Pros and Cons of Currency Trade

Currency trade includes all aspects of buying and selling goods and services with the exchange of currencies at current or determined prices. This is because the foreign market is foreign decentralized or over the counter market for the trading of currencies.

There is high liquidity in this kind of trade and market transparency. The market is dynamic and it operates 24 hours. The dollar is a widely traded currency.

Pros and Cons of Currency Trade

Pros of Currency Trade

  1. Able to use the leverage

In currency trade the parties involved can use leverage in that one party can take something on debt and pay later other than in barter trade.

  1. Profit potential

There is a potential of the seller making a profit from the commodities when the prices are high and this is the reason why many people invest in businesses.
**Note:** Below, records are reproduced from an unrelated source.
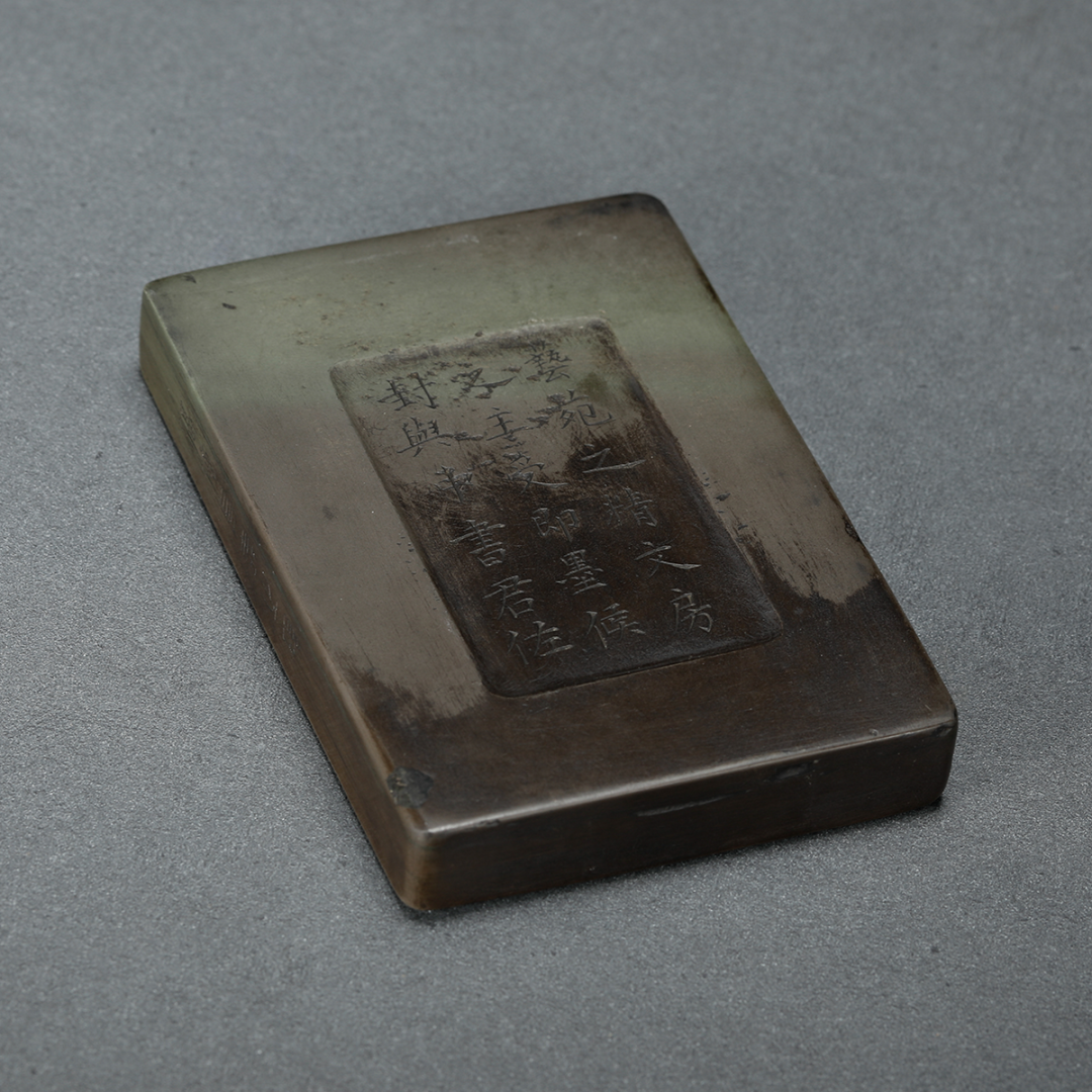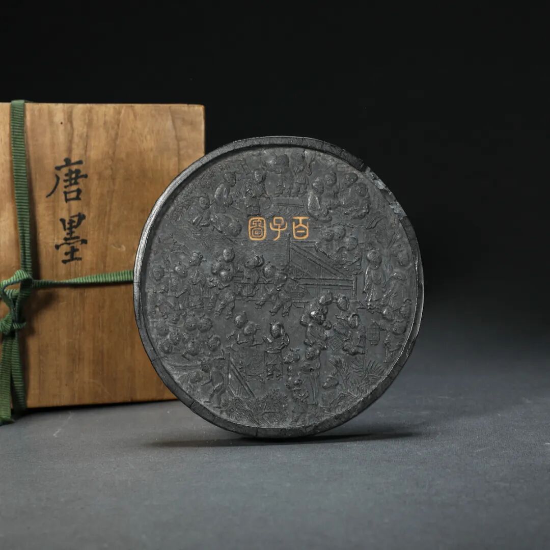 说明:带原盒。墨呈圆形,双面起框,模印民间流行的传统题材“百子图”,众小儿体态各异,三两成群,或坐地弈戏、识字、凭栏远眺,或玩傀儡,或据水戏水、对弈、捞鱼,或聊天、斗蟋蟀、玩鸟、耍杆,丰富多彩,天真活泼,热闹欢愉。儿童与庭院精致满饰墨面,构图饱满,层次分明,排列疏密有致,画面动静结合,刻工细腻,毫髪不爽,充分展现了高超的制墨刻模之技艺。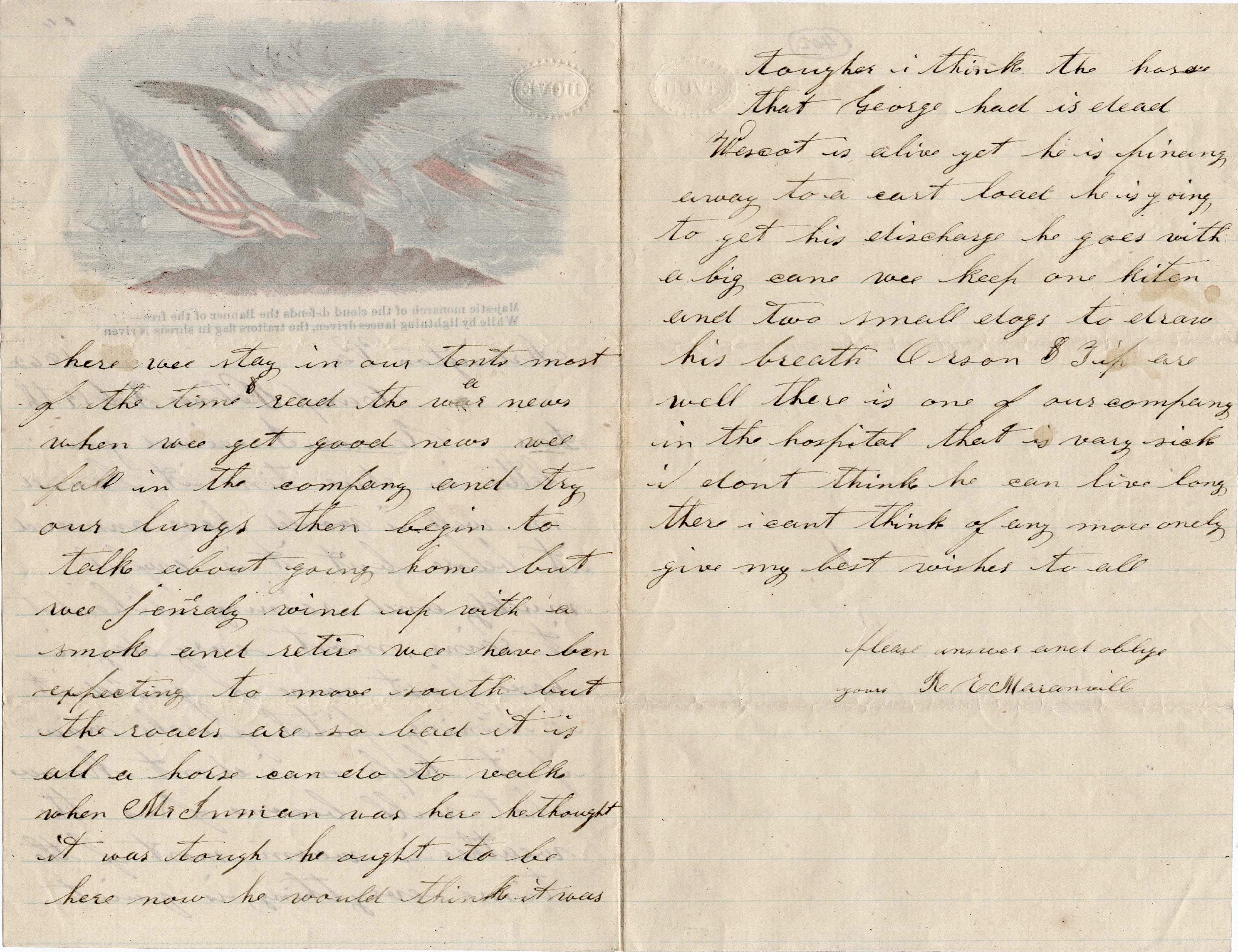 I think the horse that George had is dead. Wescott is alive yet. He is pining away to cart load. He is going to get his discharge. He goes with a big cane. We keep one kitten and two small dogs to draw his breath. Orson & Tip are well. There is one of our company in the hospital that is very sick. I don’t think he can live long.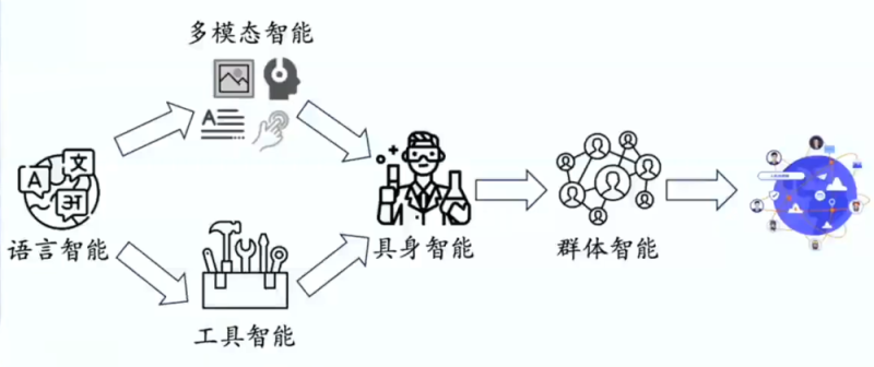 也因为这两方面的突出优势,大模型有潜力成为智能时代基础设施。刘知远认为,迈向通用人工智能的路径会是语言智能、多模态智能、工具智能、具身智能、群体智能,目前人类语言的智能已经基本被实现了,接下来会是其他智能相关探索。

  1. Low transaction costs

The transaction cost in currency is low in that the buyer will only pay for the goods or services he or she is talking directly.

  1. High liquidity

There is a lot of money in circulation in currency trade as compared to barter trade where they do not use money in the trade.

  1. Operates 24 hours

Businesses can run 24 hours a day as opposed to barter trade where the business only takes place within the agreed time.

  1. Accessibility

It is easy for a buyer to access a shop and buy the goods that they are in need as opposed to barter trade whereby the parties involved are to suggest where to meet so that they may exchange their goods.

  1. Simple tax rules

This allows the tax collectors to make calculations of tax easily as they will be sure of the amount of tax that is imposed on the currency.
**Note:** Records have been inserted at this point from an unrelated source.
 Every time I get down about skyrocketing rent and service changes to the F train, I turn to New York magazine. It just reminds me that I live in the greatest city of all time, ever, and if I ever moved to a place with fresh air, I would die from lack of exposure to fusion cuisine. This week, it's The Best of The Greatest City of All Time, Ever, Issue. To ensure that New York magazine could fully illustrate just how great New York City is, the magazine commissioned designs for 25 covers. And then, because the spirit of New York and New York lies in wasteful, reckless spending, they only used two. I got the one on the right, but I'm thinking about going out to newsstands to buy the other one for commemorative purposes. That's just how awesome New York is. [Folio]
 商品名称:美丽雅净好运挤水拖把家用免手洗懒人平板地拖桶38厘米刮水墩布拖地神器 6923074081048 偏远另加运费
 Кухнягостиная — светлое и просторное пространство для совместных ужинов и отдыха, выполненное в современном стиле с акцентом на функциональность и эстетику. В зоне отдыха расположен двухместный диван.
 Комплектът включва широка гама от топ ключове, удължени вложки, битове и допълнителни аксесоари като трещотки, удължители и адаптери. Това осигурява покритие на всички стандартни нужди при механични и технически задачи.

  1. Fewer fees and commissions

In currency trading there is transparency and this makes it possible for the parties involved not to pay high fees as they should understand why they are paying the fees.

  1. Less price manipulation

As the prices are centralized and they are decided upon by the central committee then the workers are not able to either increase or decrease prices of either the stocks or bonds.

  1. Technical analysis

Forex traders usually obtain profits using technical analysis of the price charts. The analysis is based on the history and trend of the market supply and demand.

Cons of Currency Trade

  1. Use of brokers

When a broker is involved in the trading it leads to a lack of transparency and this may make it possible to exploit the buyers.
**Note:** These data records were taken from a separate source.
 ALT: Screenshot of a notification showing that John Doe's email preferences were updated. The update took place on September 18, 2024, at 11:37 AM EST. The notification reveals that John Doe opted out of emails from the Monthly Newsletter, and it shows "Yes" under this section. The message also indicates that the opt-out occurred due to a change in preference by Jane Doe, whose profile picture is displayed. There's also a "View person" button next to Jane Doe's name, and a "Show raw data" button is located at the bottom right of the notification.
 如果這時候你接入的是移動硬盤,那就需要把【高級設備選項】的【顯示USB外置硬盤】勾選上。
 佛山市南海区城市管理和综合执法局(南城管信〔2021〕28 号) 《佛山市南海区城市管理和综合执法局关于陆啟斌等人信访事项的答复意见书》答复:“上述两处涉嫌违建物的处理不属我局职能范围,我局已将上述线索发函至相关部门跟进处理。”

  1. The long price determination process

The prices are determined centrally and this may take long making the investors change their minds over buying the shares.

  1. Risk factor

The investors carry the burden of losing the money alone as it is individually based trade hence easy for the investors to lose their money.

  1. Fear

The fear factor discourages the investors as they do not know exactly if they are going to earn a profit on the money or lose the whole amount invested.

  1. Availability of scammers

Many scammers are involved in the business and this calls for the investor to be careful about which company to buy the shares from.

  1. It needs knowledge

For one to enter in this type of trade should have adequate knowledge about the trade and how the market operates.

  1. Social trading

One can get wrong information about the trade from social media and this may make someone invest in the wrong company.

  1. The investors have to be updated with market trends

As trading does not stop, the investors have to have up to date information about the market for them to know when it is the right time for them to sell their shares.


After getting the right information about currency trade, one may decide to venture into the business knowing that it can either result in loss or profit.